Germany deports 18 more rejected asylum seekers back to Afghanistan

Published February 23rd, 2017 - 08:00 GMT
People take part in a demonstration against the deportation of some 50 Afghan refugees from Munich airport, southern Germany, on February 22, 2017. (AFP/Matthias Balk)
People take part in a demonstration against the deportation of some 50 Afghan refugees from Munich airport, southern Germany, on February 22, 2017. (AFP/Matthias Balk)

A Kabul-bound plane with 18 Afghan migrants on board took off from Munich Airport late Wednesday, its passengers becoming the third group of rejected asylum seekers to be deported by German authorities back to Afghanistan.

The deportations have come under fire in Germany from opposition parties and rights groups who argue that much of Afghanistan is not safe for return.

The Bavarian Interior Ministry reported there were 18 deportees on board - fewer than the 50 previously cited by Upper Bavarian police.

Around 250 people gathered at the airport to protest the deportation, according to police.

"This is unjustifiable," said Maria Brand, an aid worker from Upper Bavaria's city of Erding.

"There are no secure areas in Afghanistan," said Nadine Kriebel of the Bavarian Refugees' Council, which organized the rally. "We want to lodge a protest against these indiscriminate deportations."

In the past, the majority of Afghans whose asylum bids were declined were allowed to remain in Germany due to the security threat in their country.
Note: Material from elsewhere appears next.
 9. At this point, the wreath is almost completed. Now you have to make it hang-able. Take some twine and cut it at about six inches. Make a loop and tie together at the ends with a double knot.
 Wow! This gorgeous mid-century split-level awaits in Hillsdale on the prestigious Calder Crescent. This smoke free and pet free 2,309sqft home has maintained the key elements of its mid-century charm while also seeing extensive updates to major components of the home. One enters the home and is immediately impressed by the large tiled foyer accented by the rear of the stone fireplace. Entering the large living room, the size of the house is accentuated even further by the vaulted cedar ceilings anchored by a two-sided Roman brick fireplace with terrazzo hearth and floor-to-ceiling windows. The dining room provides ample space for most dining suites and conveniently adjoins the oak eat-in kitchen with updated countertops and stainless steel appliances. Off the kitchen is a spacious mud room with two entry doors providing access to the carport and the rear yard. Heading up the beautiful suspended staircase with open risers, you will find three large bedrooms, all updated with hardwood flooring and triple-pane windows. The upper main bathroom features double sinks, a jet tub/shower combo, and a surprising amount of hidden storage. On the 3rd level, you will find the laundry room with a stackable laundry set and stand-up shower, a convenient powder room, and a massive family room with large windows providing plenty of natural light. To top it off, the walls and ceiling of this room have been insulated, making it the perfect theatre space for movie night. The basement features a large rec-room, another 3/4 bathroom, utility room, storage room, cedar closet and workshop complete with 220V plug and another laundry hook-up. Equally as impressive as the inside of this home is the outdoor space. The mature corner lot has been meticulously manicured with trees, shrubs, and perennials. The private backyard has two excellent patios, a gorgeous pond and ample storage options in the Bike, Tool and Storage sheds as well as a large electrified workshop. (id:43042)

But Berlin decided last year to designate parts of Afghanistan safe for return.

German Interior Minister Thomas de Maiziere said in October that the group deportations were supposed to send a signal to Afghans that Germany only accepts a small number of asylum bids from their country.
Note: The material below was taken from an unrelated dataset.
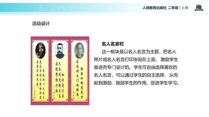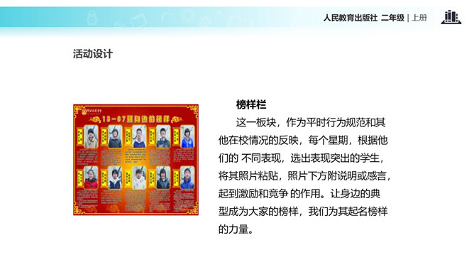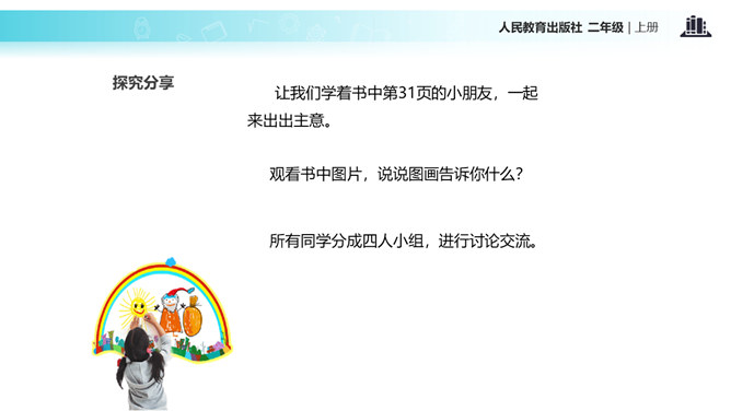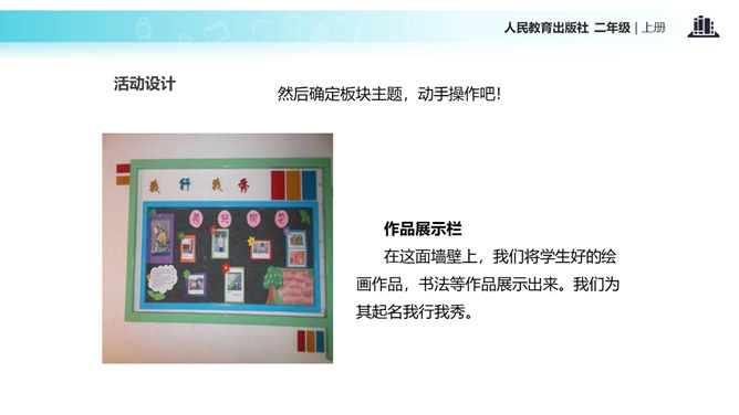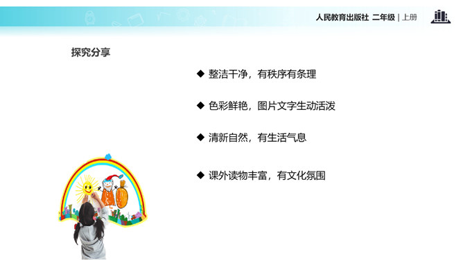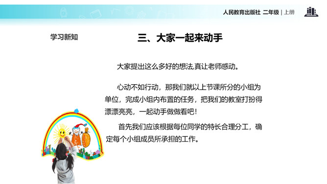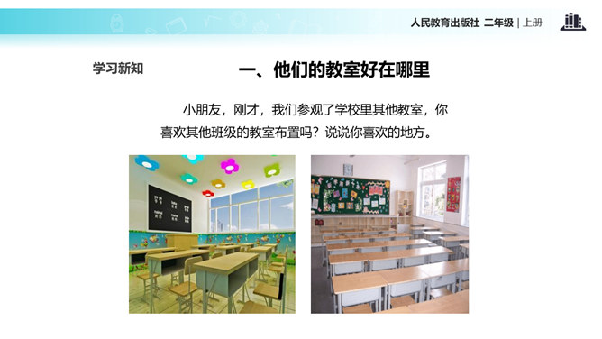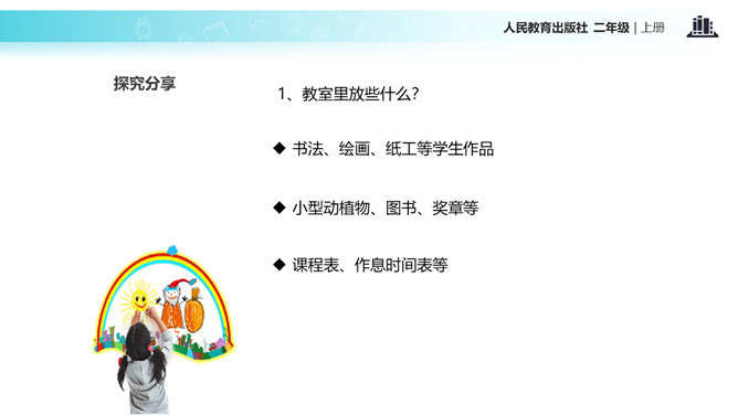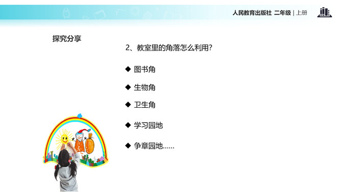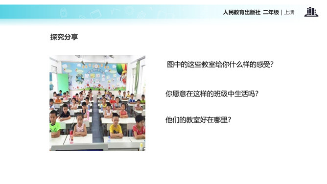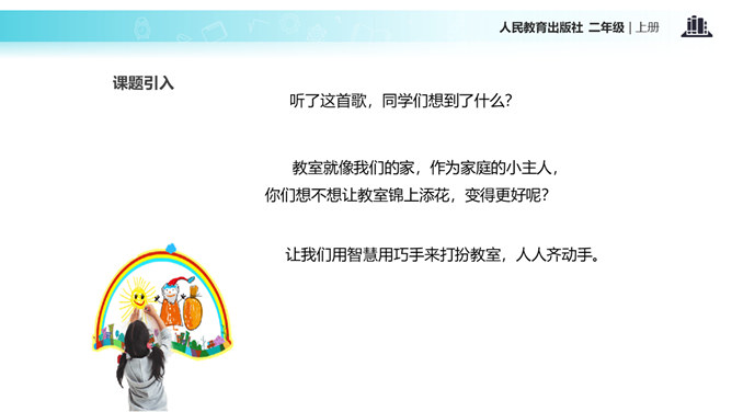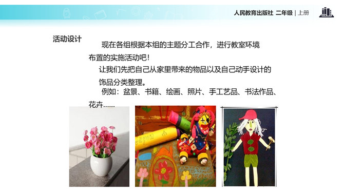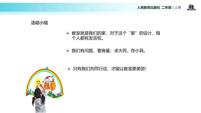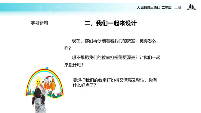 教室就像我们的家,作为家庭的小主人,你们想不想让教室锦上添花,变得更好呢?让我们用智慧用巧手来打扮教室,人人齐动手。小朋友,刚才,我们参观了学校里其他教室,你喜欢其他班级的教室布置吗?说说你喜欢的地方。现在,你们再仔细看看我们的教室,觉得怎么样?想不想把我们的教室打扮得更漂亮?让我们一起来设计吧!要想把我们的教室打扮得又漂亮又整洁,你有什么好点子?教室就是我们的家,对于这个“家”的设计,每个人都有发言权。我们有问题,要商量;求大同,存小异。所属专题:装扮我们的教室ppt。

Peter Altmaier, German Chancellor Angela Merkel's chief of staff, defended the initiative on Wednesday, saying that the authorities had to act on decisions made by the courts.

"Those who have no claim to asylum from any conceivable point of view - where the courts have determined that they do not face the threat of persecution - must expect to be repatriated," Altmaier told Deutschlandfunk radio.